Три строфы стихотворения устанавливают определенную конструктивную инерцию: каждая строфа состоит из трех, выдержанных в определенном условно-литературном стиле, стихов и одного, из этого стиля выпадающего. Первые две строфы устанавливают и место этого стиха — конец строфы. Далее начинаются нарушения: в третьей строфе «разрушающий» стих перемещен на второе от конца место. Но еще резче структурный диссонанс в последней строфе: четыре стиха подчеркнуто литературны. И по лексике, и по ведущей теме они должны восприниматься на фоне всей поэтической традиции XIX в. Не случайно в заглавии упоминаются «лилии» с очевидным ударением на первом слоге, а в третьем стихе последней строфы:

    Одной лилеи белоснежной —

ударным оказывается второй слог — в соответствии с нормами поэтической речи начала XIX в. Название цветка превратилось в поэтическую ассоциацию. И к этой строфе неожиданно, в нарушение всей ритмической инерции текста, прибавлен пятый стих:

    И аромат, и абрис нежный.

Стих противопоставлен всему тексту своей вещественностью, выключенностью из мира литературных ассоциаций. Таким образом, с одной стороны, оказываются земной и потусторонний миры, представленные в их литературных обликах, а с другой — нелитературная реальность. Но сама эта реальность — это не вещь, не предмет (в этом отличие от «глаз жены»), а формы предмета. «Белоснежный» в сочетании с «лилеей» — цветовая банальность, которая еще в поэзии XVIII в. насчитывалась десятками. Но для контура найдено уникальное слово — «абрис». Реальность как совокупность абстрактных форм — этот аристотелевский мир наиболее органичен Иннокентию Анненскому. Не случайно последний стих дает и единственную в стихотворении аллитерацию. Соединение «аромата» и «абриса», параллельных и ритмически, и фонологически, в одну архисему возможно лишь в одном значении — «форма», «энтелехия». Этим вводится в текст голос еще одной культуры — античного классицизма в его наиболее органических, связях.

Так раскрывается напряжение в семантической структуре текста: монолог оказывается полилогом, а единство складывается из полифонии различных голосов, говорящих на разных языках культуры. Вне поэзии такая структура заняла бы многие страницы.

ПРИМЕЧАНИЯ

1 Установление общности проблем многообразия стилистических пластов и полиглотизма см.: Успенский Б. А. Проблема стиля в семиотическом освещении // Учен. зап. Тартуского гос. ун-та. 1969. Вып. 237. (Труды по знаковым системам. Т. 4).

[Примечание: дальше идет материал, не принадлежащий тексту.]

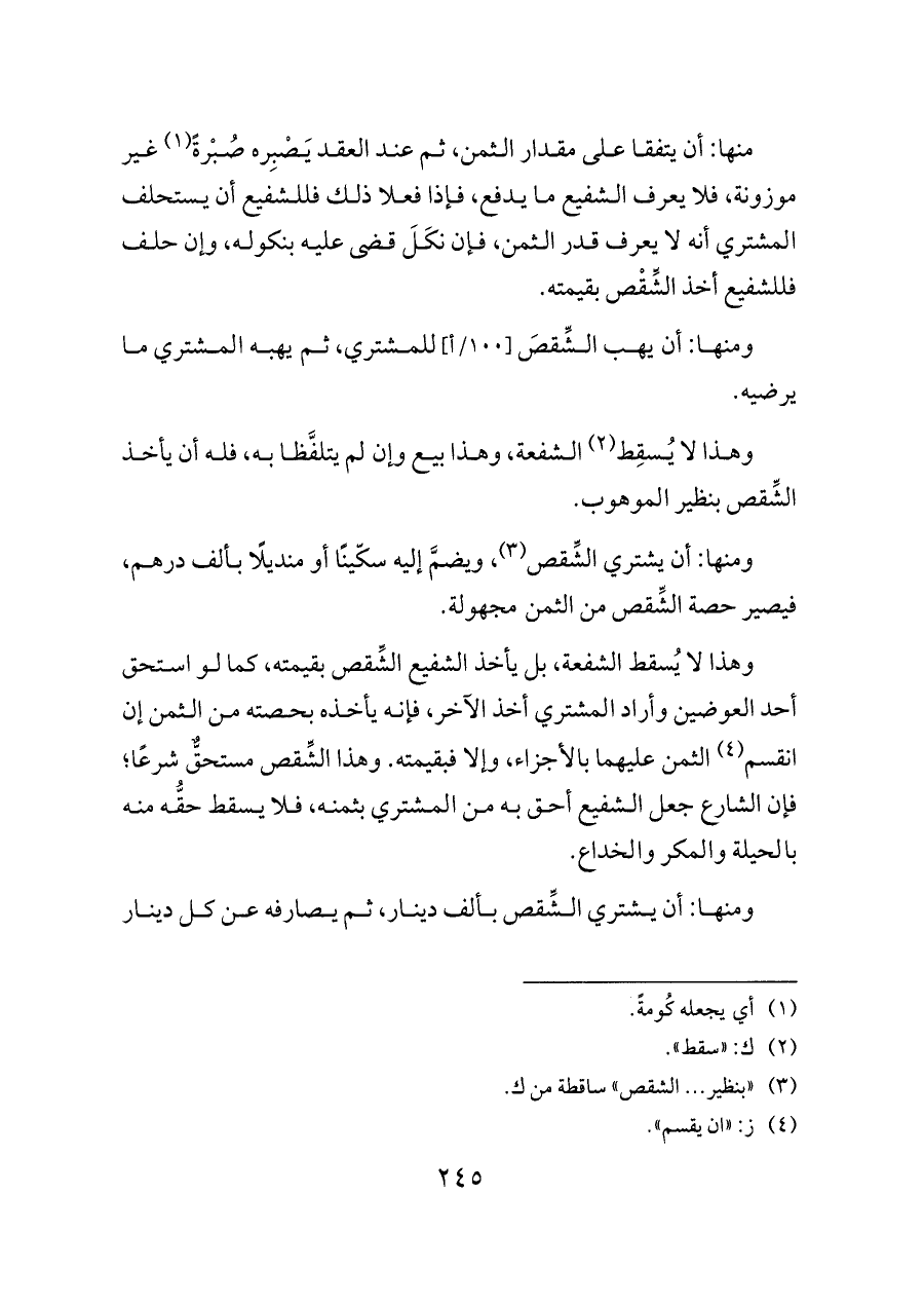 ومنها: أن يشتري الشِّقص بألف دينار، ثم يصارفه عن كل دينار
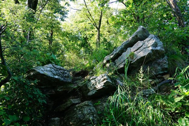 다시 시작된 바윗돌 구간, 살짝 내리막길 같은 착각이 드는 완만한 오르막길이네요.

2 «Батюшковскими» эти стихи делает не только структура образа, но и своеобразие ритмики. Стих относится к редкой VI (по терминологии К. Тарановского) ритмической фигуре. В поэме она составляет 3,9 % (эта цифра любопытно совпадает с батюшковской — 3,4 %, у Жуковского за те же годы — 10,9 и 11,6 %; у самого Пушкина в лирике 1817–1818 гг. — 9,1 % — цифры по К. Тарановскому). Таким образом, стих резко выделен. Паузой достигается чисто батюшковский прием — в эротической сцене действие внезапно обрывается и внимание переносится на детали эстетизированного антуража, которые тем самым получают значение эвфемизмов («тимпан над головой…», «развалины роскошного убора…»).

3 См.: Бахтин М. Проблемы поэтики Достоевского. М., 1963; Волошинов В. Н. Марксизм и философия языка. Л., 1929.

4 Волошинов В. Н. Указ. соч. С. 136–146.

5 Ср. в стихотворении И. Анненского «Ego»: «Я — слабый сын больного поколенья…»


*Анализ поэтического текста: Структура стиха // Лотман Ю. М. О поэтах и поэзии. СПб., 1996. С. 109–116.